Before delving into in the concepts of process control and capability, we must first understand the difference between them.

When Shewhart (1931) introduced his concept of statistical control, three concepts were highlighted:

• The fundamental focus is on the process
• The overarching objective is economic operation of the process
• Process behavior falls within predictable limits of variation.

With those three things in mind, we can now start to understand the notions of the product's conformance to specifications; and statistical control of the process. The comprehension of those ideas is vital to understanding the difference between process control and capability.

Conformance to specifications means that the characteristics of the product falls within specification limits, which implies that the customer expectations are being met. Process performance falls also within limits of variation, called control limits. To have a product within specifications and a process under control implies that the customer expectations are being met in an economic fashion.

Figure 1 Product Conformance and Process Control

We can take a look at figure 1 above to achieve a better understanding of those concepts. In Figure 1(a) we have a graph comparing characteristic measurements to the specifications, telling that those characteristics are within them.
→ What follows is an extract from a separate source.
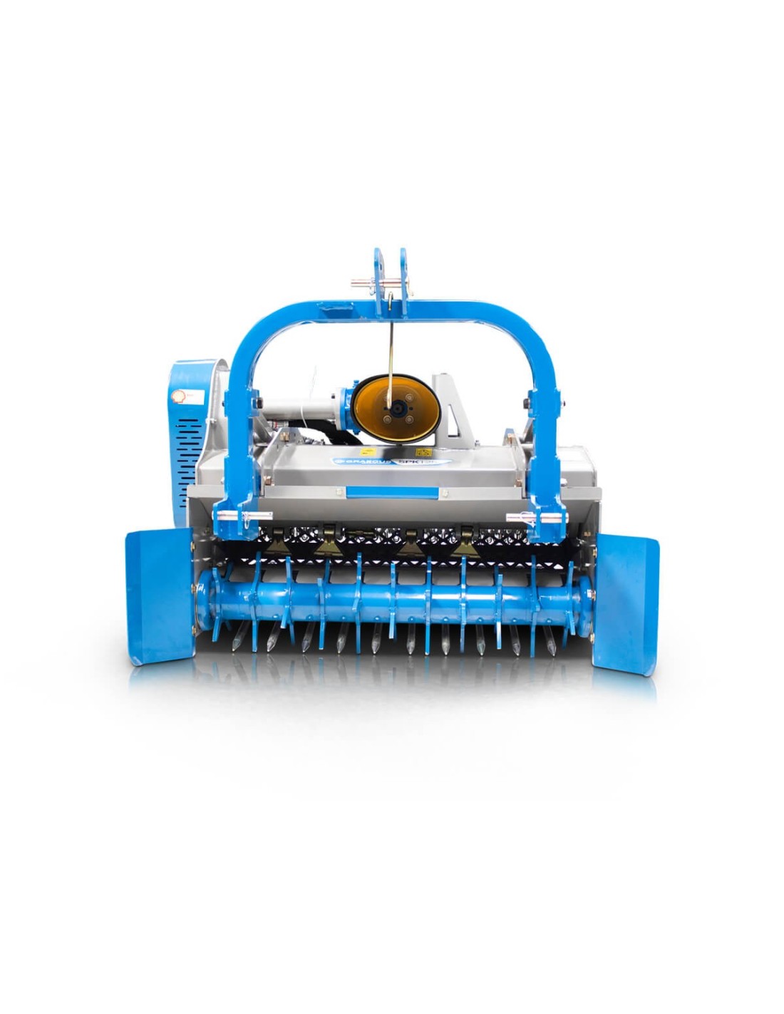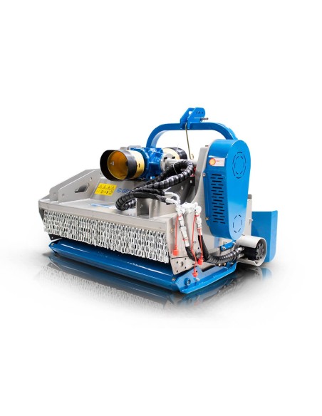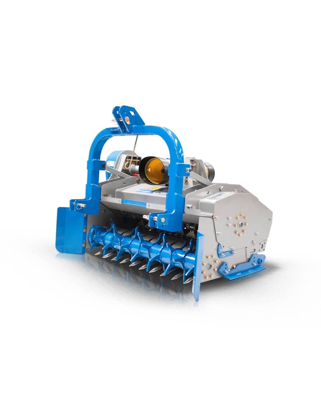 Πλεονεκτήματα και χαρακτηριστικά Μονός προωθητής κλαδιών. Σκάφος 5mm, πλαϊνά 8mm και στροφείο 133x10mm. Διπλής ζεύξης κιβώτιο μετάδοσης κίνησης (γκρουπ) 540 και 1000 r/min. Άθραυστα σφυριά 1400g, ενδείκνυται για διάμετρο κλαδιών εως 7cm. Μακράς διάρκειας ζωής ρουλεμάν SKF. Κόντρες σφυριών στο πάνω και κάτω μέρος του μηχανήματος επιτυγχάνουν τον μέγιστο τεμαχισμό. Ψηφιακά ζυγισμένο στροφείο Προσαρμογή ύψους εργασίας από τα πέδιλα/ γλίστρες. Ρυθμιζόμενο ράουλο στο πίσω μέρος, με ξύστρα. Μετάδοση κίνησης με οδοντωτούς ιμάντες και εξωτερικό τεντωτήρα. Απαιτεί σύνδεση δύο αναμονών σε χειριστήριο ελεύθερης ροής. Διεθνή ζεύξη τριών σημείων κατηγορίας ΙΙ (o 25.0-28.0mm). Ευρωπαϊκό πιστοποιητικό ασφαλείας CE.     *Στην τιμή συμπεριλαμβάνεται ο άξονας κίνησης (PTO) T6-100 με βίδα ασφαλείας.*  Τεχνικά Xαρακτηριστικά Βάρος 812 kg Ίπποι 50 - 100 HP Πλάτος 1800 mm Μήκος 1260 mm Ύψος 1220 mm Πλάτος Εργασίας 1500 mm Μετατόπιση ← mm 750  ||   750 mm  → Σφυριά 16 τεμ. Στροφείο 133*10 mm Ιμάντες 5 Μετάδοση κίνησης προωθητών Καδένα Πάχος κοπής 70 mm

However, in Figure 1(b) we have Shewhart $\overline{X}$ and $R$ control charts representing the same characteristics, this time showing that we have an out of control process, in other words, this process is not running in an economic fashion.
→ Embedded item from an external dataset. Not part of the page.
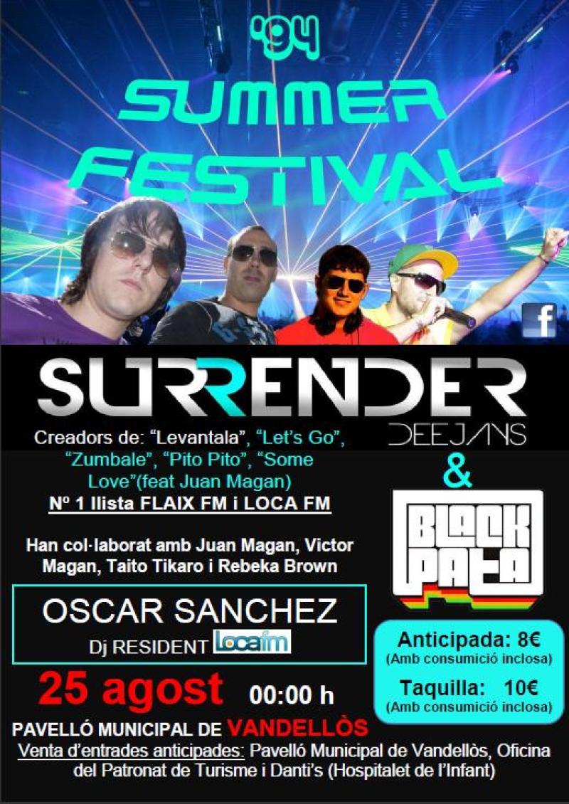 The Centre Cultural, Esportiu i Recreatiu of Vandellòs (CCERV) has organised with the youngsters of the village been born in 1994 the "94 SUMMER FESTIVAL", with the collaboration of the City council and the sponsorship of several local companies. This festival will celebrate the next 25 of August, from the 00 hours, to the municipal pavilion of Vandellòs and will count with the performances of "Surrender ", number 1 of the list of Flash FM and Loca FM; and of the dj Óscar Sánchez.

Below we have key points to have in mind that help to understand the difference between process control and process capability:

• Statistical control examines the variability pattern in the data to determine the extent to which the process is driven only by the forces of common-cause variation.
• Process capability is an assessment of the ability of the process to meet the expectations of the customers in terms of the quality characteristic(s) of interest.  i.e., conformance to the specifications.
• Statistical control focuses on the study of the economic viability of the process.
• Process capability focuses on the conformance of the process to yield a product that meets the pre-specified needs of the customer, and, hence is an analytical study.
• A process can exhibit good statistical control, i.e., be stable, predictable, but fail to meet the customer expectations.
• Failure of a controlled process to meet the specifications results from a process whose common-cause variation pattern is too large, or one that is not properly centered.
• To make the process capable, sources of common cause variation must be identified and removed to reduce the spread of the process relative to the specifications.
• A process not in control cannot be capable because statistical control is an essential prerequisite to the assessment of process capability.
• Without control, statistical models used to assess capability are not valid, i.e., the assumptions upon which they are built are not satisfied.
• Hence, a process must be in statistical control before its process capability can be rationally assessed.